Copy out exactly the stretch below, from the line with "Part of a branch" through the line with "GRETA ARWIDSSON / 1973", both included; the pictures stay out.

Record excerpts:
- - -
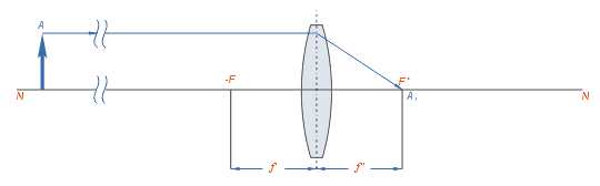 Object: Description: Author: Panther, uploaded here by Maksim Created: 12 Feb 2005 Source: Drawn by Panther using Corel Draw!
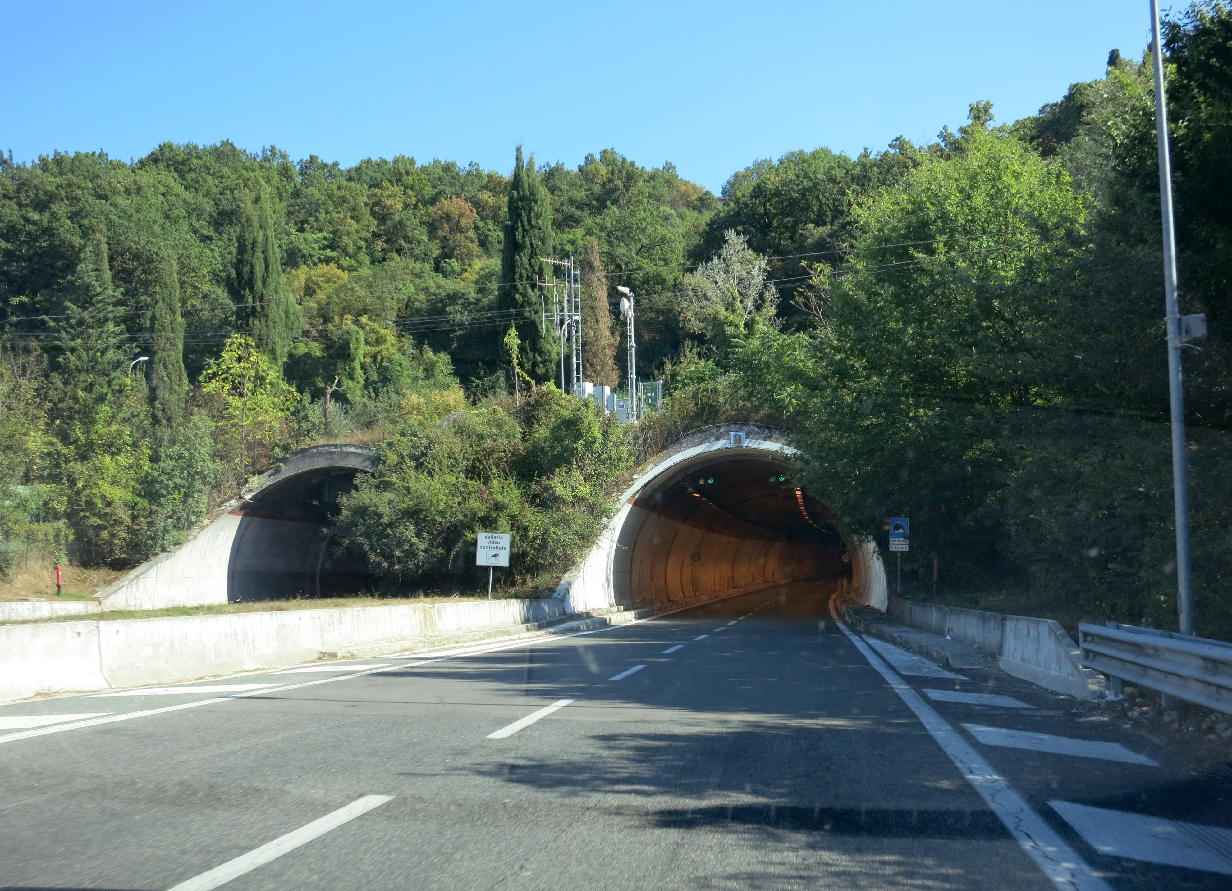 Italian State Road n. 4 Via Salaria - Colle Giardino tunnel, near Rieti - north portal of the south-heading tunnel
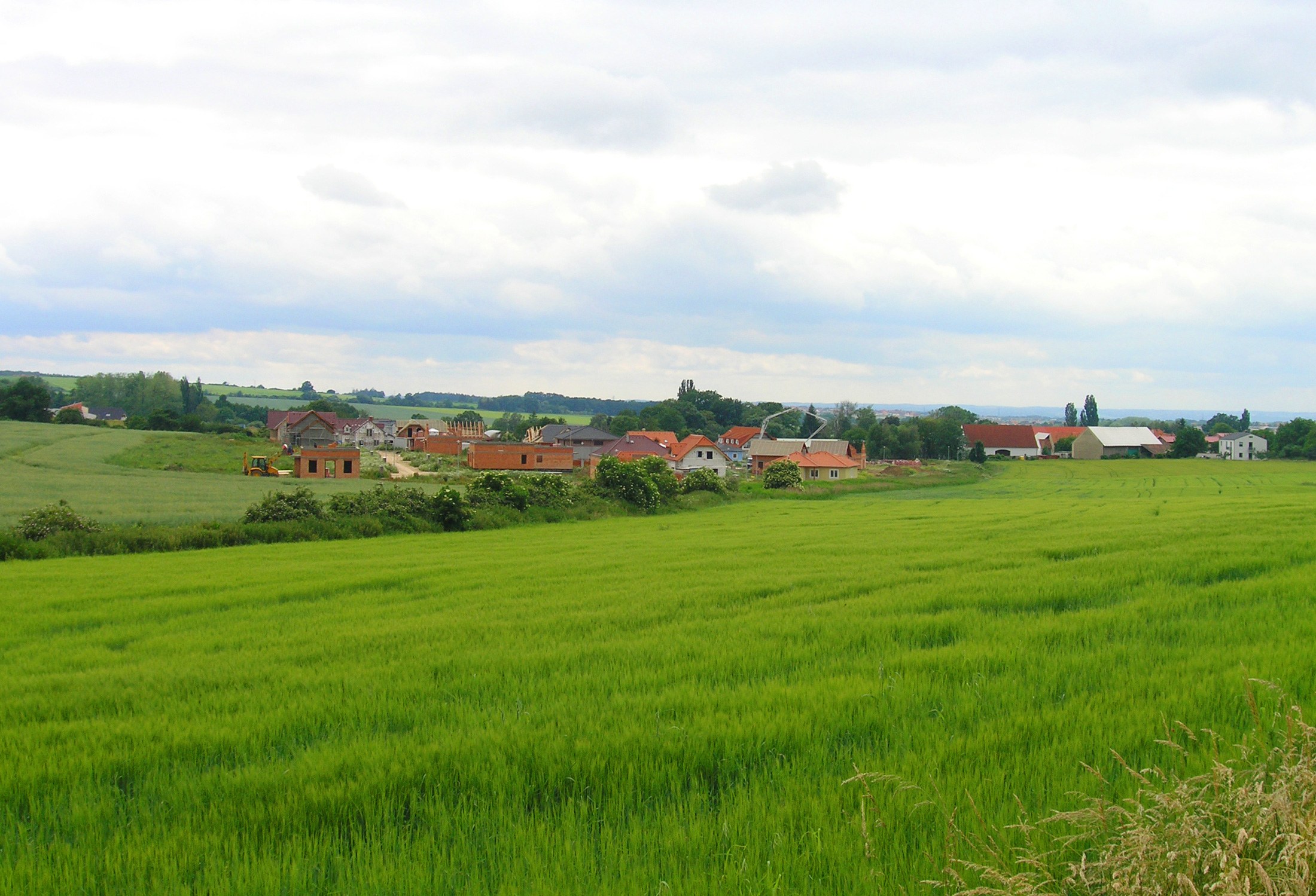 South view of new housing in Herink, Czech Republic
- - -
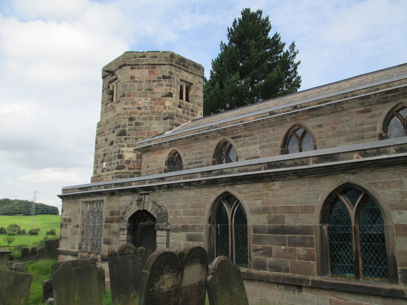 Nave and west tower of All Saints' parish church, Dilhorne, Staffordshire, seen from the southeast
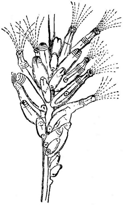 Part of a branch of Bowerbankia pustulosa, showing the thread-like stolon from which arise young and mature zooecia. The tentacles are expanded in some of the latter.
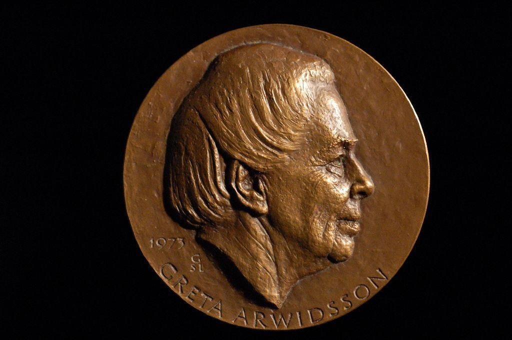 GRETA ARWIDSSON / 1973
- - -
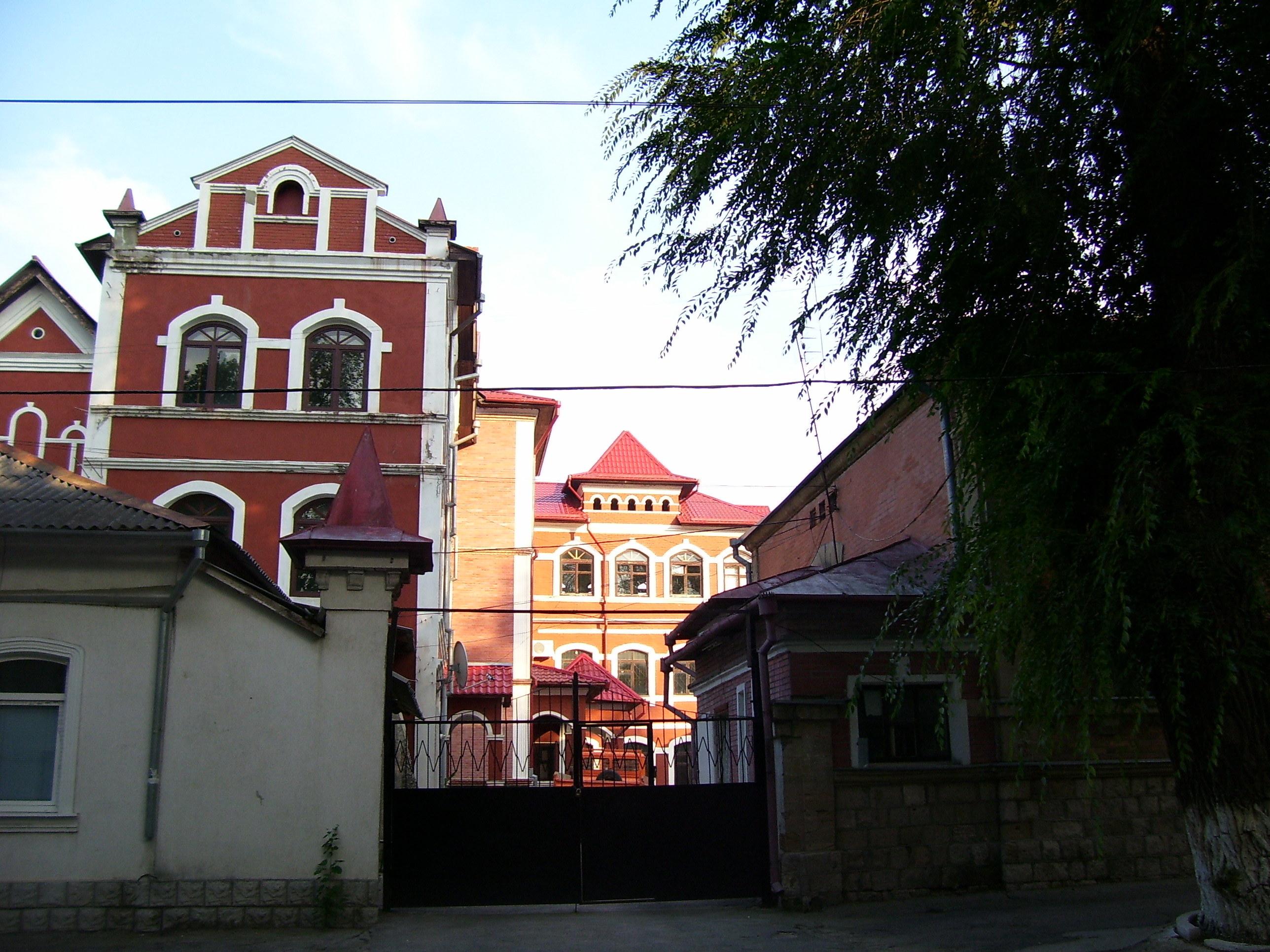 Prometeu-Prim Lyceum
- - -
Response:
 Part of a branch of Bowerbankia pustulosa, showing the thread-like stolon from which arise young and mature zooecia. The tentacles are expanded in some of the latter.
 GRETA ARWIDSSON / 1973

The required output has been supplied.